Whilst quantification of the performance of the Hanna Phosphate Checker at lower concentrations of river water samples (<0.03 mg/L PO₄-P) would be advantageous for a full understanding of biogeochemical processes, analysis was carried out down to 0.005 mg/L on controlled laboratory analysis of phosphate standards. Furthermore, if concentrations of P are below the detectable threshold used for comparative analysis in this study (<0.03 mg/L) then they are generally within regulatory limits that classify the ecological status of a river as ‘good’, as defined by United Kingdom Technical Advisory Group (TAG) under the WFD (Fones et al., 2020). Arguably, higher concentrations (or nutrient ‘hotspots’) are of most interest in assessing river water quality and identifying samples as <0.03 mg/L PO₄-P, even if the accuracy of tests below this limit are poor, would allow the Hanna Checkers to act a useful screening tool to detect low concentration samples.

4.3 Recommendations for the use of test kits for citizen science nitrate and phosphate analysis

Whilst citizen science data are unlikely to perform to the same standards (sensitivities, limit of detection) as data acquired by professionals using more expensive field or laboratory methods of analysis, this study has shown improved understanding of the limitations and characteristics of low-cost methods of analysis means that reliable data of a consistent and known quality (accuracy, bias, precision) can be gathered by citizen scientists. It is, however, critical that the aims and objectives of a citizen science monitoring programme are set out with test kit performance in mind in order to gather meaningful data.

Colorimetric test strips, such as those assessed in this study, are designed primarily as education tools (Kosmala et al., 2016) or for specific non-environmental monitoring purposes, such as for home aquariums, hot tubs or swimming pools, so their applicability to a wider range of freshwater environments is not necessarily intended. First, the temperatures of these recreational water systems are typically distinctly warmer than United Kingdom rivers, which is likely to affect reaction times and test results (in this study, average water temperature across all 67 sites assessed: 12.8 °C, min = 10.0 °C, max = 15.7 °C). Second, low ionic strength freshwaters often challenge field analytical methods (Bagshaw et al., 2016) and performance may be affected by interference from other chemical species present in high concentrations in natural water bodies, such as silicate (Jayawardane et al., 2012). Third, degradation of reactants on the test strips may also occur when they are exposed to water or UV for example, (Jayawardane et al., 2012), so correct storage and adhering to expiry dates is very important and could easily be overlooked.
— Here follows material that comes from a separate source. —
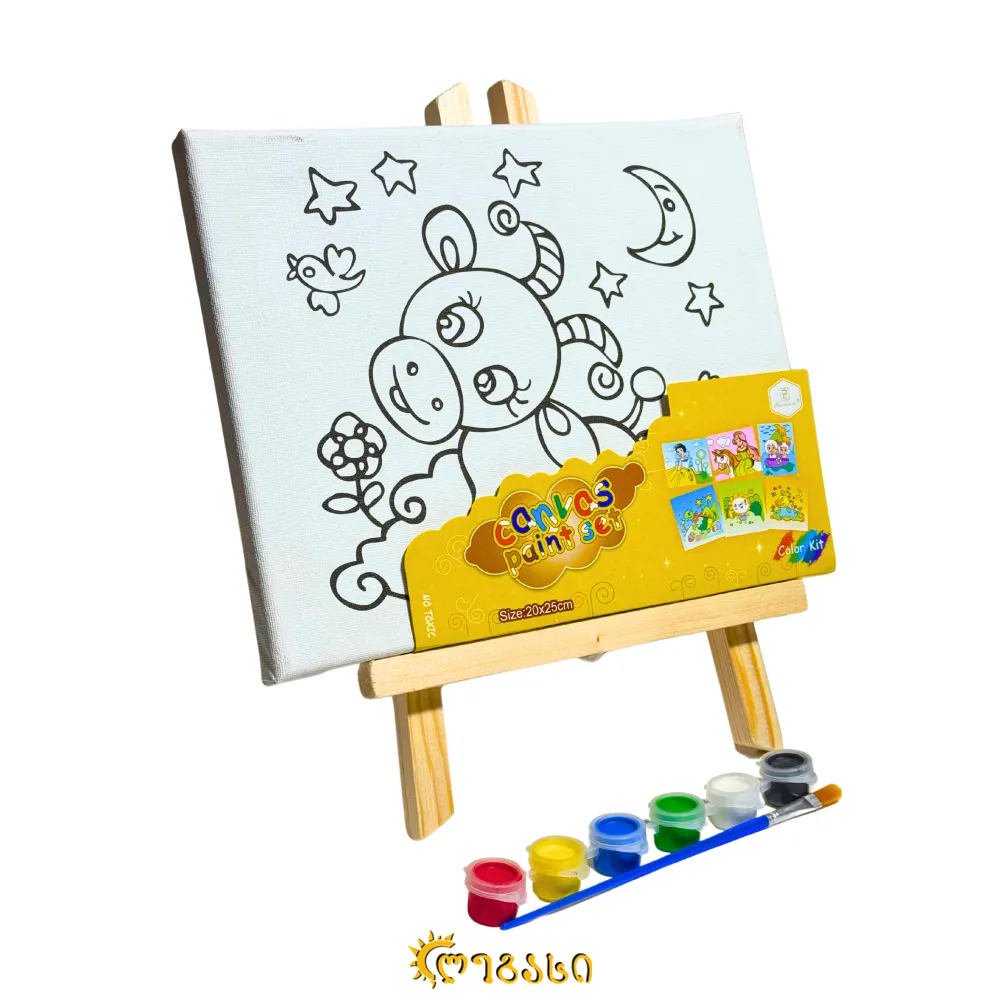 სამხატვრო (გასაფერადებელი) ტილო 20*25 სმ (საღებავებით, ფუნჯითა და მოლბერტით)

Finally, the overall expected ranges of phosphate in freshwater are very low compared to nitrate, usually approximately an order of magnitude less (Meybeck, 1982), so methods suitable for some analytes of interest may not be applicable to all. Producing low-cost colorimetric tests that are sensitive enough to detect subtle step changes at such low concentrations whilst making these changes clearly visible to the naked eye is a substantial challenge facing reliable citizen science phosphate monitoring using these tools.

Low-cost test kits that do not rely on subjective interpretation by the user and produce results comparable to professional laboratory analysis are highly desirable. Whilst they may be more difficult to use than test strips, and therefore require more comprehensive training or leave more room for human error in test procedure, the Hanna Checker demonstrated its ability to produce results very close to professional laboratory analysis. Those designing citizen science monitoring programmes need to consider whether tests that are more expensive and more involved for volunteers to use (such as the Hanna Checker) are required to meet the objectives or the monitoring programmes or whether simpler, lower cost alternatives (such as colorimetric test strips) are sufficient: is the improved data quality (in terms of the degree of accuracy and precision provided) required to reliably answer the scientific research questions posed, or, is a lesser but known quality of data sufficient?
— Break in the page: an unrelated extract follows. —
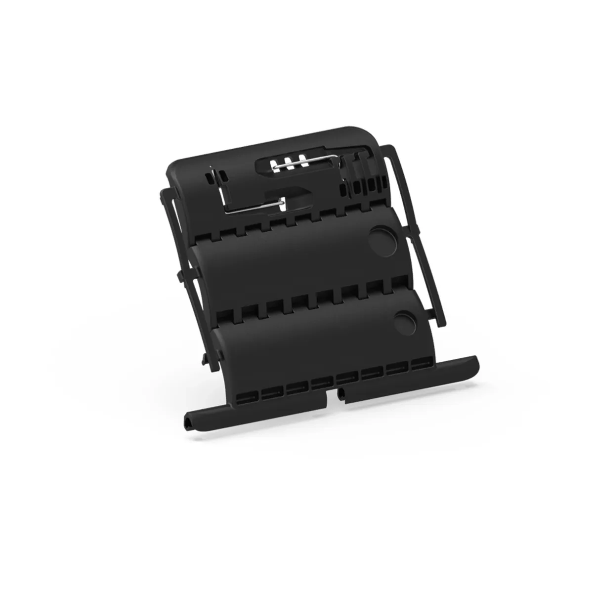 L'attache rigide pour volet roulant Clicksur est composé de maillons assemblés par simple accrochage sur le principe de charnière. Quatre trous de 4,5 mm de diamètre permettent une liaison par vis ou rivet pop sur les axes d'enroulement.

Our assessment shows that lower cost test strips for nitrate perform well within the sensitivity ranges provided by the manufacturer (±0.06 mg/L on average). Conversely, phosphate test strips appear to be better suited to indicating the relative (low, medium or high) concentrations of phosphate rather than the more refined categories presented in the color chart provided by the manufacturer. The ongoing use of test strips across the concentration range of interest needs to be carefully considered. Our data demonstrate that when water temperatures are <20 °C, increasing the reaction time of the La Motte strips from the manufacturer’s recommended 15 s up to 3 min can improve the accuracy of data reported, and when water temperatures are <10 °C, warming to >11 °C could also deliver improvement in both La Motte test strip and Hanna Checker colorimeter assessments.

There are other low-cost methods available for these parameters, although we note that the range covered by the Hach test strip for phosphate is generally too wide for most river water quality monitoring applications (Muenich et al., 2016). Novel low-cost colorimetric tests, similar to test strips, are under development (Richardson et al., 2021; Cinti et al., 2016; Jayawardane et al., 2012), which may have utility in river water monitoring. However, we emphasise that data gathered using low-cost tests have the potential to indicate contamination hotspots or detect critical changes in nutrient concentrations in freshwater across large geographical areas, especially when the quality of data can be assessed. Their value lies in volunteers’ ability to use these low-cost tests to acquire large quantities of high spatial and temporal resolution data compared to professional grab sampling approaches. It is essential that volunteer training in best practice is ongoing and that methods are amended if new evidence emerges to suggest improvements can be achieved in a range of real world conditions. This approach will ensure the quality of data that can be achieved with low-cost test kits is optimised and that data gathered by groups using the same tools remains both reliable (within the known limits of test sensitivity and accuracy) and comparable across different volunteer monitoring groups.

5 Conclusion

Low-cost nutrient test kits designed for easy use and suitable for non-professional scientists can provide valuable water quality data in river catchments that are typically vastly under-surveyed by professional monitoring programmes. Understanding the reliability of the data gathered by citizen scientists is essential for assessing how these data can and should be used. Our assessment demonstrated that the Hanna Phosphate Checker and Hach Nitrate test strips can obtain data of comparable accuracy to laboratory analysis of samples, if monitoring protocols are followed correctly and the sensitivity of the tests is accounted for. These findings are of paramount importance for improving both the quality and perceived value of–and encouraging widespread use of–the vast quantity of water quality datasets now being gathered by volunteers across river catchments in the United Kingdom and beyond.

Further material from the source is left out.